Hi folks,
I’m trying to generate a lookup table. example query = ACTGGTC, example related data = 1,200483

I have some strings, with which I want to associate some numeric data. Ideally I would be able to set up a Perl style hash where they keys are my strings, and the values are my numeric data.
I have read teh sequence processing related papers, but haven’t found the magic bullet. I would like to use textures for this, but really, if anyone can tell me any way to do this I’d be happy.

I’m not sure I understand where CUDA fits into this situation though…can you elaborate a little more? Are you trying to generate hashes from the input strings using CUDA?

Here is some more detail about what I would like to do:

I have a number of short DNA sequences, and their respective genomic locations, a simple example:
AAAA 1111
CCAA 2222
CCTT3333
ACTG 4444
etc.

I have many of these (think 10000 to many millions). I would like to be able to load these pairs into memory on the device and then, when presented with a sequence such as AAAA, get back the related genomic location.

I have an idea for you that might work, but first, the two associated problems:

If you have strings longer than a certain length (I think something like 6 characters, for the method below) it won’t work due to integer overflow.

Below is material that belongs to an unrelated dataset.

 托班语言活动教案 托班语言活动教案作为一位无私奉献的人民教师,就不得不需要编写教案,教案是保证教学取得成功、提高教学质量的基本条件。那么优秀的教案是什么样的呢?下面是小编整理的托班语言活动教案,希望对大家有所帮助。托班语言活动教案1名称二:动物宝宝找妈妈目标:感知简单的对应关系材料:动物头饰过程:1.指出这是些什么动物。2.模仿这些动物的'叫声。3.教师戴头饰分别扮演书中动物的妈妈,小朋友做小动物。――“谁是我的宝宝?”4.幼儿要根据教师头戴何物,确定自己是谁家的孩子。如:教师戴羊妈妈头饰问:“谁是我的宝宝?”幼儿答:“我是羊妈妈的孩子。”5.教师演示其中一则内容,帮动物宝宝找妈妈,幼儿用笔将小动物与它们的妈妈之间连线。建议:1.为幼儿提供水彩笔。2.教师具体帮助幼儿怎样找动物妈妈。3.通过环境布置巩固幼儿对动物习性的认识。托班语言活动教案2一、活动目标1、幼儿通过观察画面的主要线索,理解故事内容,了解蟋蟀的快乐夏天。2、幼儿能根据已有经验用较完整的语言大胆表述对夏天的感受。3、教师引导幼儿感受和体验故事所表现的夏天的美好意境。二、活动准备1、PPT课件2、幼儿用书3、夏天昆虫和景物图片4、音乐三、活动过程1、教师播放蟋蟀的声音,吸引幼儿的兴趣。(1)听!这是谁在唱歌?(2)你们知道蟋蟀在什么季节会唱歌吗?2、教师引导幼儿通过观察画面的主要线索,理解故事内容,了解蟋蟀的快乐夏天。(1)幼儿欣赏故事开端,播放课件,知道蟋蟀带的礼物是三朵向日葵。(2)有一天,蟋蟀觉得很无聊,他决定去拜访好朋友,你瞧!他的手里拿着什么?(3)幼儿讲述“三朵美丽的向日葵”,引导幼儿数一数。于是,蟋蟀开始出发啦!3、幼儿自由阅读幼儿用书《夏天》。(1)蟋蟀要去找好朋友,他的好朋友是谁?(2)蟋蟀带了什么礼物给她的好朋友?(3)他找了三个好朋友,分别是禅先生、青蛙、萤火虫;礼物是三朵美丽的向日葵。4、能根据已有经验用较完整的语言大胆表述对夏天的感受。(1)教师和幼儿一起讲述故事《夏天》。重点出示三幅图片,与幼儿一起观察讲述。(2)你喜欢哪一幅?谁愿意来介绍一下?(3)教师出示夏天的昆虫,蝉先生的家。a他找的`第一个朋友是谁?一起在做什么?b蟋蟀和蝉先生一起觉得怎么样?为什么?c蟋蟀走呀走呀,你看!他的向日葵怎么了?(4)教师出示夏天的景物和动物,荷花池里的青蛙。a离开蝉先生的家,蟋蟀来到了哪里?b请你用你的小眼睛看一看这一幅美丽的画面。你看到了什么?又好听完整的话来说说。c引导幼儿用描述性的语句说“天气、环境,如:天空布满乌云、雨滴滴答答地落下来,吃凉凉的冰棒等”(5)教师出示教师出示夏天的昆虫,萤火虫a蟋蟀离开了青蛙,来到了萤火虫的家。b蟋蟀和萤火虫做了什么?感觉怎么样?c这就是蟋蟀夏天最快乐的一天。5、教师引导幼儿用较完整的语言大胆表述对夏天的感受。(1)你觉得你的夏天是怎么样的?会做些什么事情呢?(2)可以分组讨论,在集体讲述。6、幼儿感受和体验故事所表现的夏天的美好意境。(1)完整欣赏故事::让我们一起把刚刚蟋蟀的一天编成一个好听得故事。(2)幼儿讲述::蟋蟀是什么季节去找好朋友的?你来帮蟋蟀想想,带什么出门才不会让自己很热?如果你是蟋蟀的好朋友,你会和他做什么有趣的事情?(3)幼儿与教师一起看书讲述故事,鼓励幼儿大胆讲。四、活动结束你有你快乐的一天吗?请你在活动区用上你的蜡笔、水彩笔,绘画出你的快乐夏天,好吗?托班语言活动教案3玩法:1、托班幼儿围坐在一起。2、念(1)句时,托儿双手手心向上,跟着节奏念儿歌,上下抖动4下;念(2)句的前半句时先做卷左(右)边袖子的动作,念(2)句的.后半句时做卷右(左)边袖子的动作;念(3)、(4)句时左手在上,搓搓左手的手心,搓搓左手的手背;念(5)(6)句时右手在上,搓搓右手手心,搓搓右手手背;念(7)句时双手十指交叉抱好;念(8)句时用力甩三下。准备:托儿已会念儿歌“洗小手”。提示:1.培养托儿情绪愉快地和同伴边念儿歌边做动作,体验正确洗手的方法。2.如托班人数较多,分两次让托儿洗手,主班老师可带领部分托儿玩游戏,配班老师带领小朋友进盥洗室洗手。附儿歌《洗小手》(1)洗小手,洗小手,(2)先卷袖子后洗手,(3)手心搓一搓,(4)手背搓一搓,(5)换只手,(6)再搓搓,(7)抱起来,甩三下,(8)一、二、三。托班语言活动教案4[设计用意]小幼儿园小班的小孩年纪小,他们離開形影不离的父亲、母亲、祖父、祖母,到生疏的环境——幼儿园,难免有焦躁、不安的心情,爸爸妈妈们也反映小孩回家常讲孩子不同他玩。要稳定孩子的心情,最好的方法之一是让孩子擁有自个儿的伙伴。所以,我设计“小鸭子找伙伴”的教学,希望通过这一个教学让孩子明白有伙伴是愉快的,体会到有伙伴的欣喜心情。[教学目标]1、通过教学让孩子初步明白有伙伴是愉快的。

If some sequence are found a large number of times, while others are only found a few times, you might have some issues allocating memory…but you could always do some kind of histogram, transfer back to the host, allocate the memory for each sequence (for it’s location pointers), and go from there.

Here’s the idea:

Since you only have four ‘characters’ (i.e. bases), you can use a simple method to identify each string uniquely (whether on the host or the device). Assign each 2-tuple of the base and the position in the string, e.g. (A, 3) a prime number. For example:

Position 1:
A = 2
C = 3
G = 5
T = 7
Position 2:
A = 11
C = 13
G = 17
T = 19
etc.

Following that pattern, ACTG would be assigned the ID of 45214 (2 * 13 * 37 * 47). Due to the properties of prime numbers, no other string would ever be able to have this ID, so whenever you see 45214, you would know that the represented string is ACTG.

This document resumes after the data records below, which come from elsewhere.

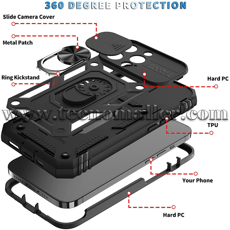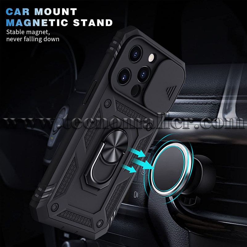 iPhone 14/15 Pro estuche antigolpes 3 en 1 marco, sopore y anillo
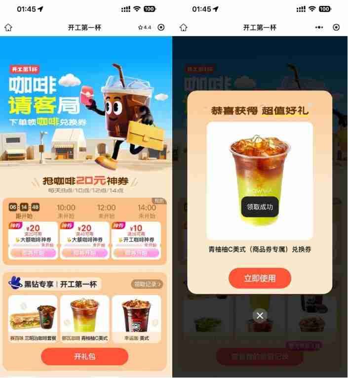 微信打开活动->今天8/10/12/14点整抢20-20亓咖啡神券,黑钻用户还能直接领咖啡免单券
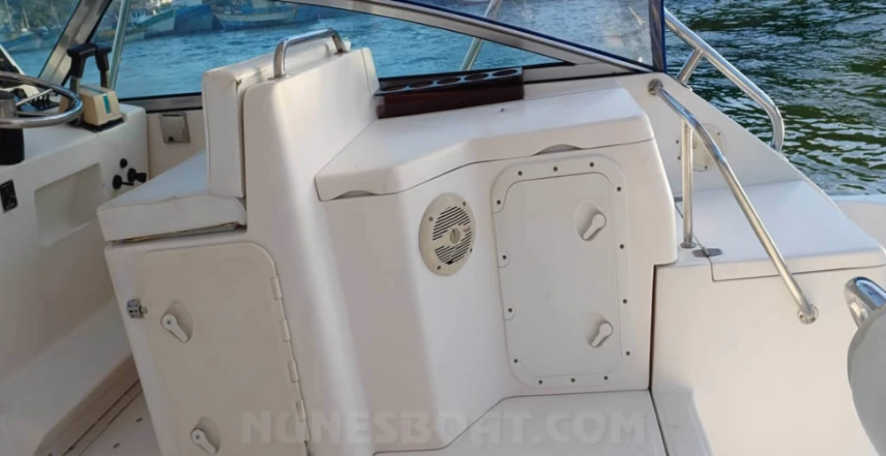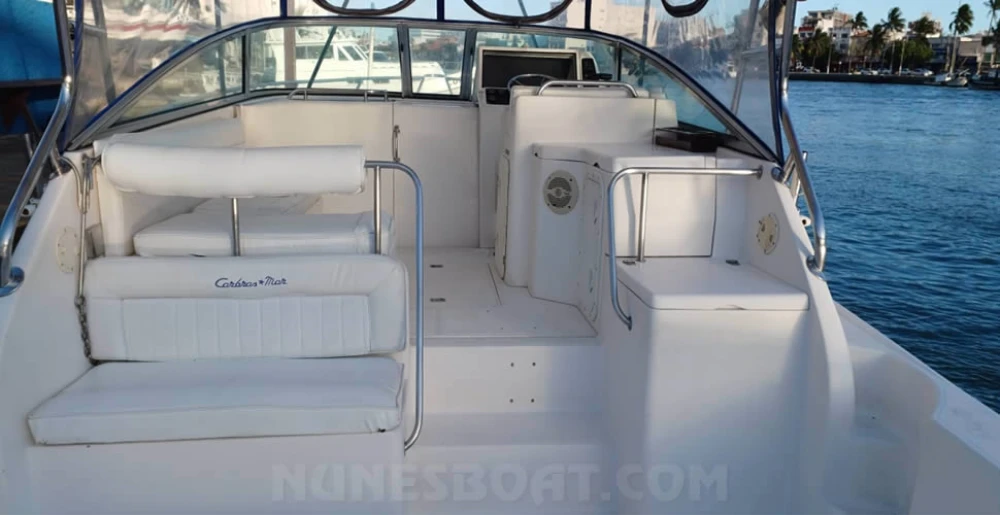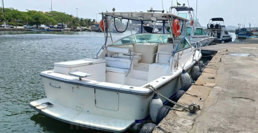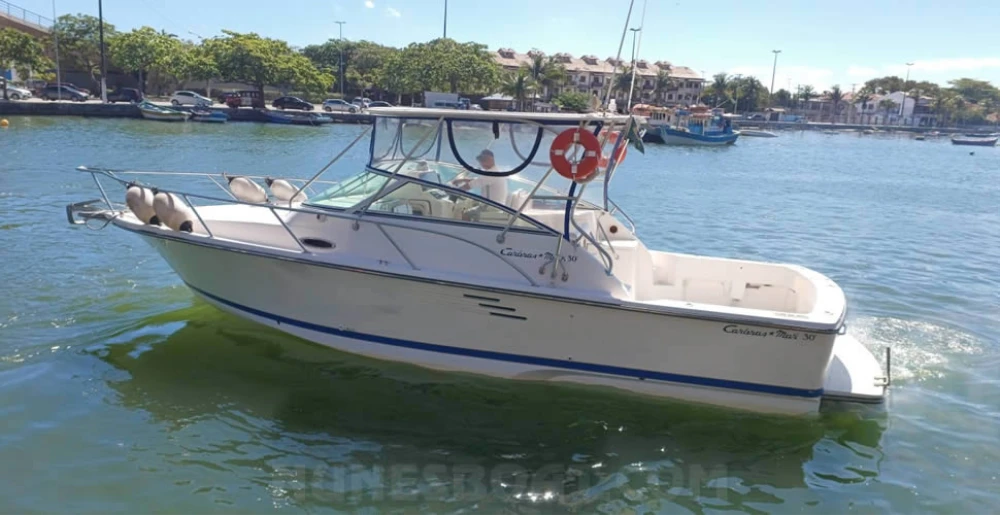 CÓD 4730 CARBRASMAR 30: 2006, 2 x mb 366 megatech 400hp, diesel, 1300hs de uso, pé de galinha, âncora bruce 10kg c/cabo, bateria, bomba de água doce, bomba de porão, bússola, capota, carreta de encalhe, churrasqueira e mesa, chuveiro de popa, coletes, comando de popa para pesca, (4) defensas, elevador de assoalho com acesso aos motores, extintor, farol, garateia de popa c/cabo, outriggers, (4) porta caniço, sanitário elétrico... F/c. Nunes (13)99706-0395
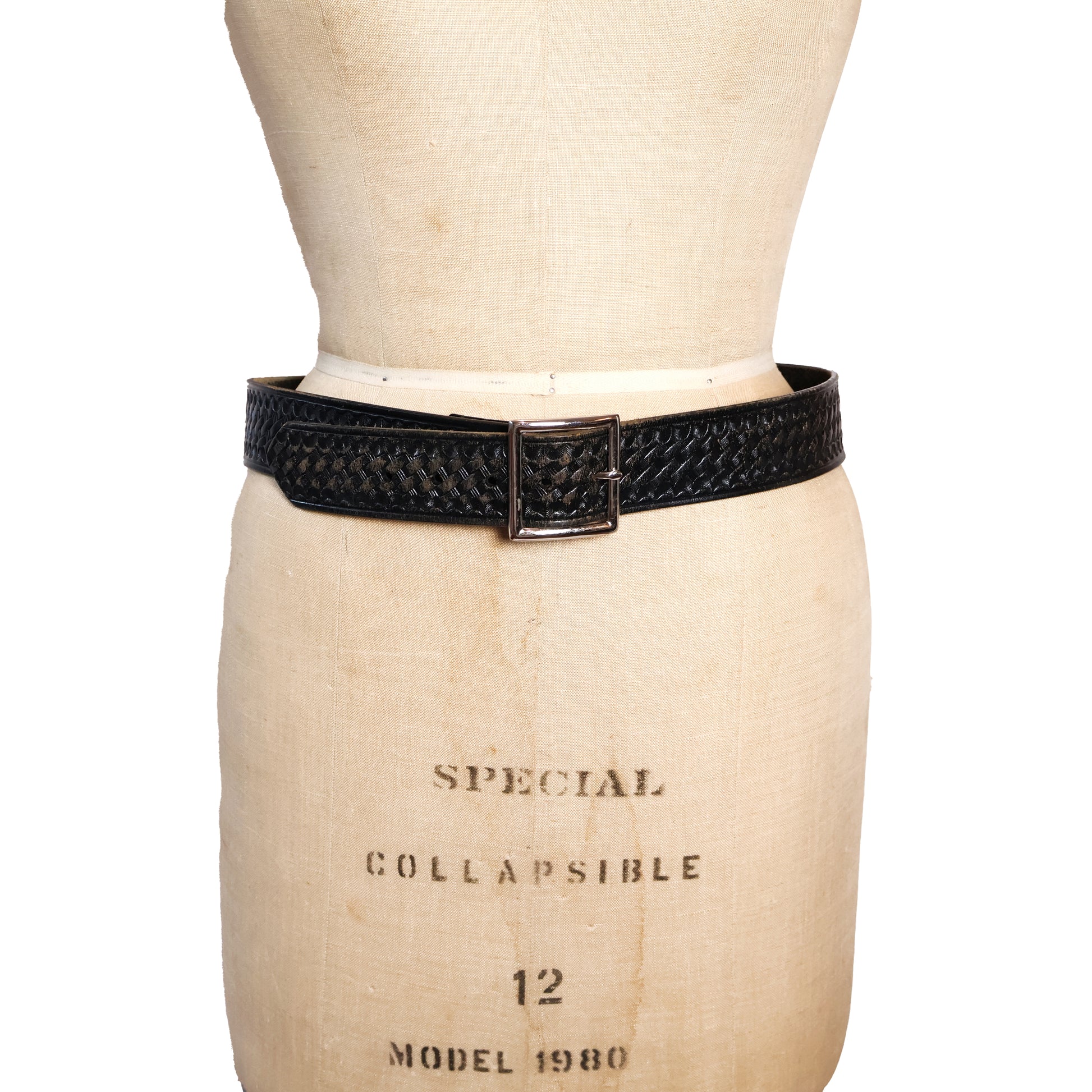 Vintage Black Genuine Leather Texture Embossed Belt

Then, to use this method, you could first calculate the ID numbers of each sequence you’re going to use (which could be calculated once and stored for re-use). Convert the sequence array into a 32-bit or 64-bit unsigned integer sequence/array and copy to the device. You could then perform a histogram on the values to determine how often each one occurs. If you’ve already allocated 4*N bytes (where N is the number of sequences you are processing), you can use the cumulative values of the histogram to compute the ‘starting’ memory location for an array of device pointers in memory that will store pointers to wherever that sequence appears in your original input DNA.

Note that you could also use the prime number trick ‘recursively’; that is to say, if you know you’re only looking for any of the 4-base-pair combinations, you could assign them to the prime values in order (i.e. AAAA = 2, AAAC = 3, AAAG = 5, AAAT = 7, CAAA = 11, etc.) and then use the same method as described above to reduce the amount of data required for each sequence (and so, fit longer sequences into the device memory).

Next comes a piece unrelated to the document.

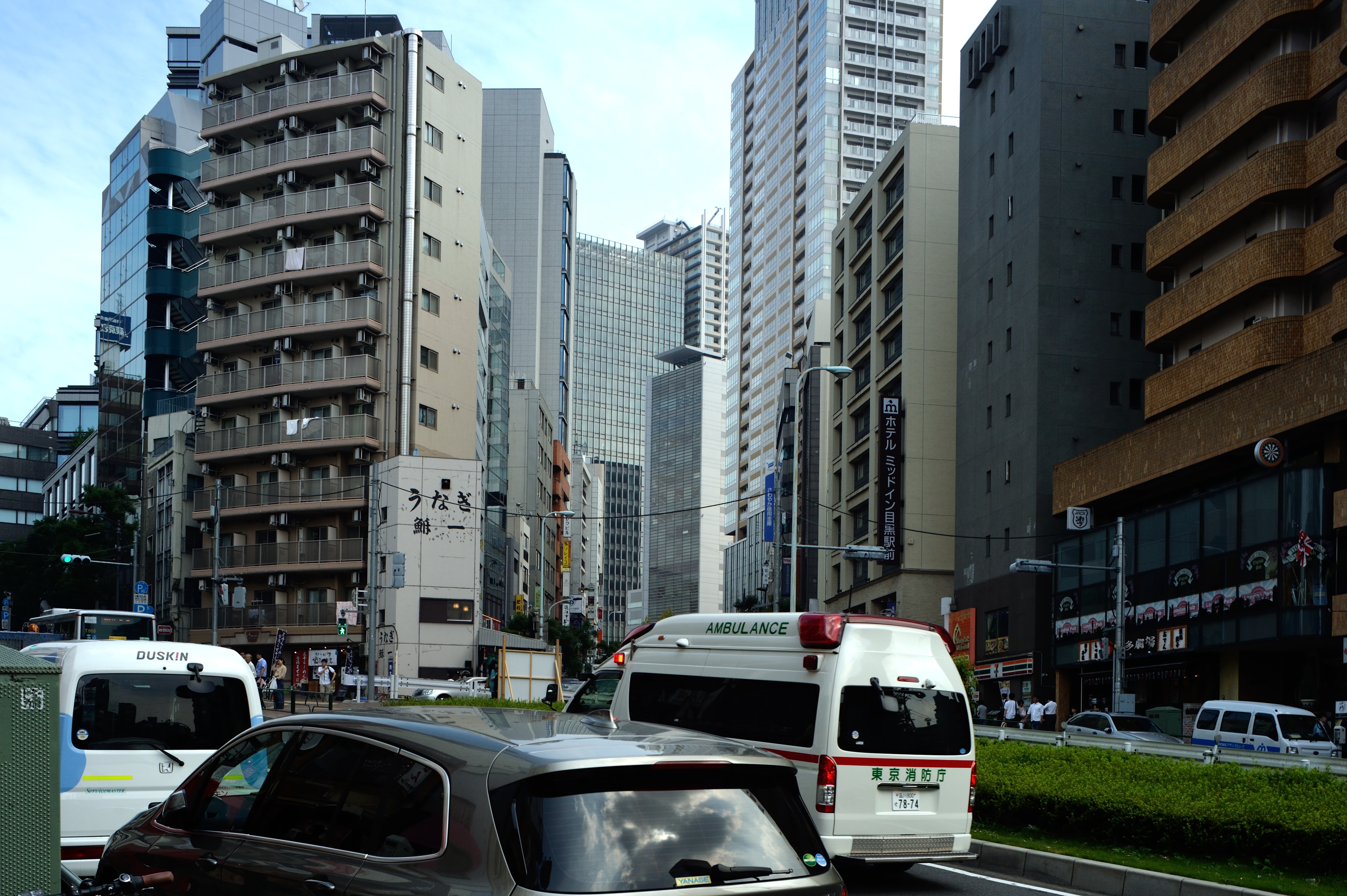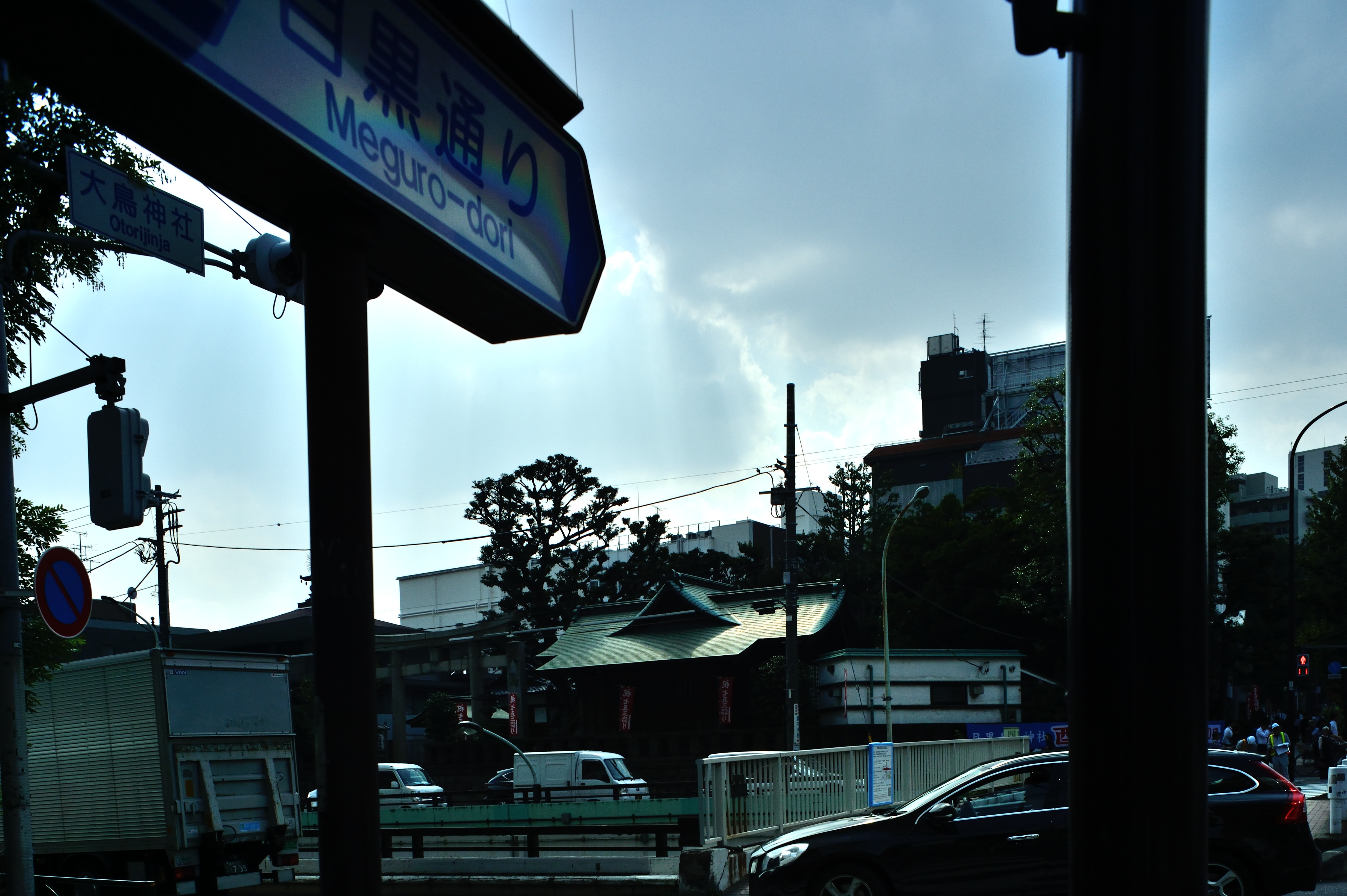 目黒駅方向にはビルが立ち並びます.救急車が通り,現代に引き戻されます.

P.S. Oddly enough, I learned this method when reading about computer-based poker hand evaluators.

THis is a good idea for short sequences where the combinatorics don’t get too big, nice work.
Unfortunately, the example I was giving was a simplification of the problem.

In practise I would have sequences of up to 50 characters.
I had thought of encoding each letter as a 3 bit representation (there are five characters A,C,T,G,\0), so then a string of 50 characters would be 50 bits, or 19 bytes. But unfortunately 2^150 goes way outside of my addressable space.

So are you just trying to determine the locations in the overall DNA sequence for each smaller sequence? If so, you might still try some sort of recursive tree method based on what I wrote above, then do a scan or reduction of some kind of combine the trees and determine which actual sequence you have found.

The product-of-primes idea is clever. Especially for poker hands, where they are invariant to the order of the cards, because the encoding is automatially invariant also. But in this case, 4 possible letters fits very well into 2 bits. I’d say record a length (one byte) and then four bases per byte after that. So simple. When the encoding is longer than your hash table key, you can reduce it by calculating the modulus with respect to some appropriately large prime number.

But I’d say the hash function (or whatever encoding) itself is not the most difficult part. Actually implementing the hash table is complicated, especially trying to update the data without thread conflicts and race conditions.

If your values are fixed it may be simpler to sort them once and just do a binary search, which should be straightforward to implement. Then if your implementation is still too slow you can consider a hash table.